So there are two protection mechanisms in the script itself:

The script prompts for permission, stating how much it will cost (based upon $20 / million chars).
It limits a single translation to 500k chars (to avoid a huge file from being processed accidentally).

Another safety mechanism is to set up budgets and budget alerts. Go to Main menu (hamburger) > Billing > Budgets & Alerts. Be sure to check “Email alerts to billing admins and users”. If I got it right, budgets don’t protect against spending, but only sends notifications. So I selected a sum, and enabled only the 100% threshold. It seems to make sense to check all the Discounts and Promotion options in the Credits part, which makes sure that the alert is given for the money to be spent by deducing all promotion credits.

On top of that, it’s a good idea to set quota limits: Go to Main menu (hamburger) > IAM & Admin > Quotas. Set the filter to Translation to get rid of a lot of lines.

It’s also the place to get an accurate figure for the current consumption.

Enable the quota for “v2 and v3 general model characters per day”, which is the only character limit that isn’t per minute, and set it to something sensible, for example 2 million characters if you’re a modest user like myself. That’s $40, which is fairly acceptable damage if the computer goes crazy, and high enough not to hit the roof normally.

Also do something with “v3 batch translation characters using general models per day” and same with AutoML custom models. I don’t use these, so I set both to zero. Just to be safe.

There’s “Edit Quotas” to the top right. Which didn’t work, probably because I did this during the trial period, so quotas are meaningless, and apparently disabled anyhow (or more precisely, enabled to fixed limits).

So the way to do it was somewhat tricky (as it’s probably pointless): To enable a quota, right-click the “Cloud Translation API” to the left of the quota item, and open it in a new tab. Set up the quota figure there. But this description on how to do it might not be accurate for a real-life use. Actually, the system ignored my attempts to impose limits.
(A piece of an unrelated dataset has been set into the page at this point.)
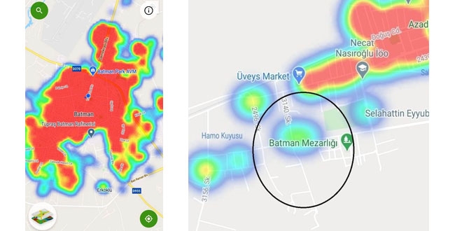 Sağlık Bakanlığının mobil uygulaması olan 'Hayat Eve Sığar' (HES) uygulamasında korona virüs vak'alarının bulunduğu riskli alanları gösteren Batman'ın risk haritası her geçen gün kırmızıya dönüşürken, harita üzerinde en güvenli bölgelerden birinin 'Asri Mezarlık' olması dikkat çekti. Vatandaşlardan Mustafa Seven, "Burası Batman Asri Mezarlığı, Sağlık Bakanlığının mobil uygulaması 'Hayat Eve Sığar' uygulamasında il haritası veriliyor, orada vak'aların il haritasına yansıması gösteriliyor. Harita Batman'da son günlerde artan korona virüs vak'alarının ardından neredeyse tamamen kırmızıya büründü, yalnız haritanın bir bölümünde Asri Mezarlık temiz gözüküyor. Yani anlayacağınız haritada en güvenli yer asri mezarlık gözüküyor. Bu nedenle insanların gönül rahatlığıyla gelip ölmüşleriyle hasbihal edebilecekleri Fatiha okuyabilecekleri en güvenli yer burası görünüyor. Haritanın geri kalan tamamı kırmızıya büründü" dedi.

They appeared on the page for editing them, but not on the main page.

Supporting CJK in LaTeX

I’m wrapping up this post with notes on how to feed LaTeX (pdflatex, more precisely) with Chinese, Japanese and Korean, with UTF-8 encoding, and get a hopefully reasonable result.
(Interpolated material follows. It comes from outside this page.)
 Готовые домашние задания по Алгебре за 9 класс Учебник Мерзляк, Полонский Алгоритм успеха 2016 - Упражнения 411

So first grab a few packages:

# apt install texlive-lang-european
# apt install texlive-lang-chinese
# apt install texlive-lang-korean
# apt install texlive-cjk-all

Actually, texlive-lang-european isn’t related, but as its name implies, it’s useful for European languages.

I first attempted with

\usepackage[UTF8]{ctex}

but pdflatex failed miserably with an error saying that the fontset ‘fandol’ is unavailable in current mode, whatever that means. After trying a few options back and forth, I eventually went for the rather hacky solution of using CJKutf8. The problem is that CJK chars are allowed only within

\begin{CJK}{UTF8}{gbsn}

[ ... ]

\end{CJK}

but I want it on the whole document, and I need the language setting to be made in a file that is included by the main LaTeX file (a different included file for each language). So I went for this simple hack:

\AtBeginDocument{\begin{CJK}{UTF8}{gbsn}}
\AtEndDocument{\end{CJK}}

As for the font, it appears like gbsn or gkai fonts should be used with Simplified Chinese, and bsmi or bkai for with Traditional Chinese. Since I translated into Simplified Chinese, some characters just vanished from the output document when trying bsmi and bkai. The back-translation to English of a document made with bsmi was significantly worse, so these dropped characters had a clear impact in intelligibility of the Chinese text.

I got this LaTeX warning saying

LaTeX Font Warning: Some font shapes were not available, defaults substituted.

no matter which of these fonts I chose, so it doesn’t mean much.

So the choice is between gbsn or gkai, but which one? To decide, I copy-pasted Chinese text from updated Chinese websites, and compared the outcome of LaTeX, based upon the TeX file shown below. It was quite clear that gbsn is closer to the fonts in use in these sites, even though I suspect it’s a bit of a Times New Roman: The fonts used on the web have less serifs than gbsn. So gbsn it is, even though it would have been nicer with a font with less serifs.

For Japanese, there’s “min”, “maru” and “goth” fonts. “Min” is a serif font, giving it a traditional look (calligraphy style) and judging from Japanese websites, it appears to be used primarily for logos and formal text (the welcoming words of a university’s president, for example).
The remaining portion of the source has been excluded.